The trailer wasn’t big enough for a party, but there was ample room for him to move around. It was hard for two to maneuver, though. She slipped off her boots and dropped in the chair when she saw she was going to be in his way. He opened and closed cupboards, taking out plates, silverware, napkins. His TV was on, tuned to the news, but without sound. He kept up an easy conversation.
“I have a place in Wyoming. A little house, on a spread of land by a creek. That’s where I grew up, out West, but I’ve had the trailer for years. Sometimes I’m gone months at a time with my work, and I’d go nuts trying to live in motels and finding rental places. This way I can have my own stuff with me.”
“So...you go wherever the wolves are?”
“Not always wolves. But they’re my love, and I seemed to have ended up specializing in them whether I planned it or not. I worked for the EPA for a while, then hooked up with the National Park Service. For this project I’ve been loaned out to the state of Michigan—their DNR, Department of Natural Resources. Never seems to matter who’s signing my paychecks, I end up doing the same thing. There just aren’t a lot of people who get real excited about tackling a wounded wolf, or moving a pack of ‘em. Maybe it’s like a doc who overspecialized. There’s nobody else who does the job—or really wants the job—so I’m the stuckee.”

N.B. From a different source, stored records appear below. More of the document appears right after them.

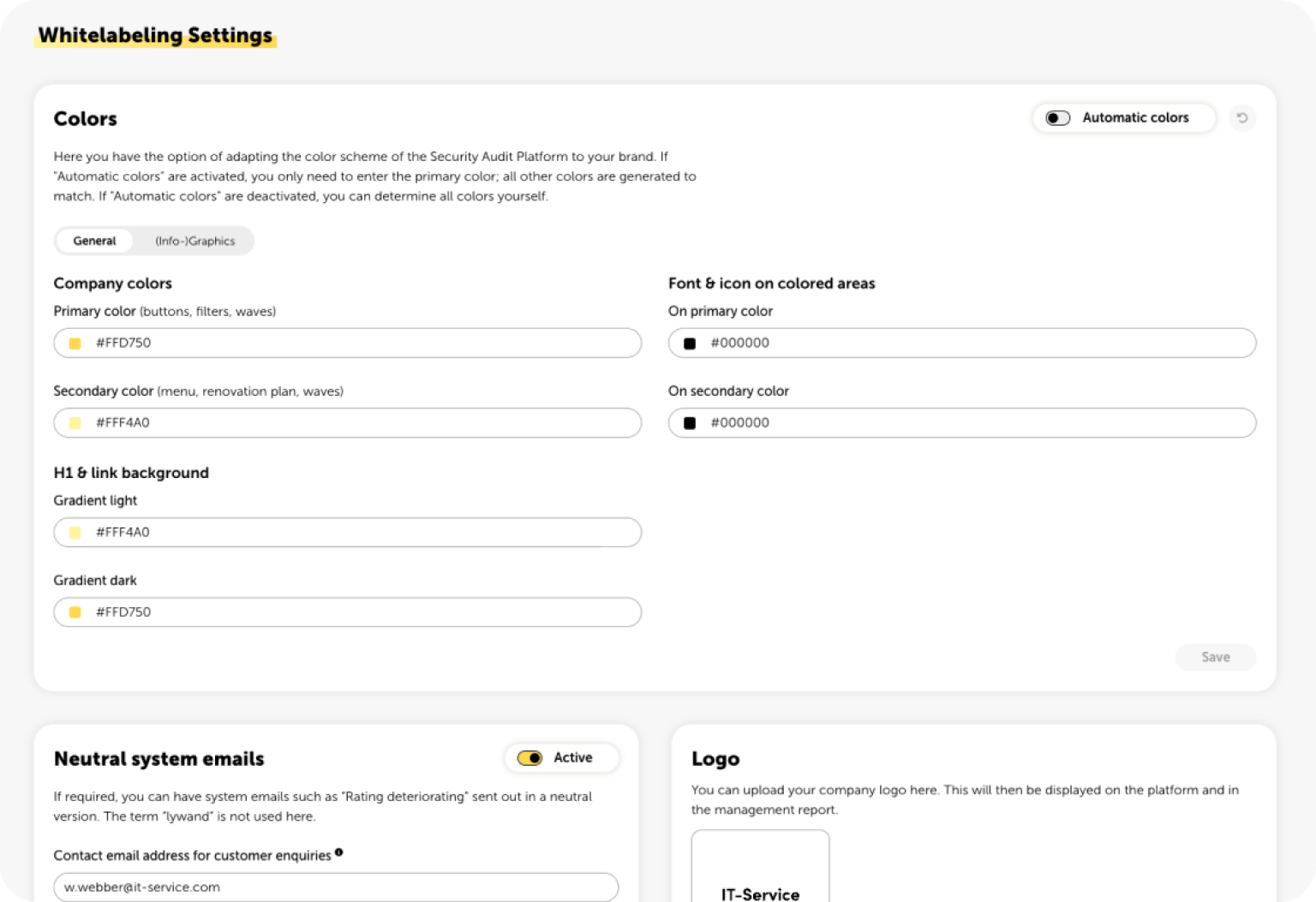 Con il whitelabeling, potete personalizzare la nostra security audit piattaforma in base al vostro look & feel. Avete la possibilità di effettuare diverse personalizzazioni, tra cui la modifica dello schema di colori, l'aggiunta del proprio logo, l'attivazione di e-mail di sistema neutre e l'utilizzo di un URL di accesso personalizzato.
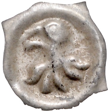 Einseitiger vierzipfliger Pfennig (Rappen, nach 1377) Rabenkopf nach links. 0,33 g. ss
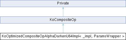Inheritance diagram for KoOptimizedCompositeOpAlphaDarkenU64Impl< _impl, ParamsWrapper >:Public Member Functions | |

“You’ve traveled all over?”
“From Mexico to Alaska,” he confirmed. “The red wolf, gray wolf, Mexican wolf—they’re all threatened. Only three places on the planet where they’re not, though lots of people are sympathetic to the cause. The UP here has really worked at it—set up a Michigan Wolf Recovery Team, and backed that up with good laws and stiff penalties for killing wolves. But the bottom line is that when a wolf’s causing trouble, the easiest solution is to shoot him—or trap and put him in captivity, out of harm’s way. Nobody’s to blame for that. A problem wolf, wild, part of his pack, in his own environment...he doesn’t make it real easy to help him. It’s just a lot easier for someone who knows the species to take the ball.”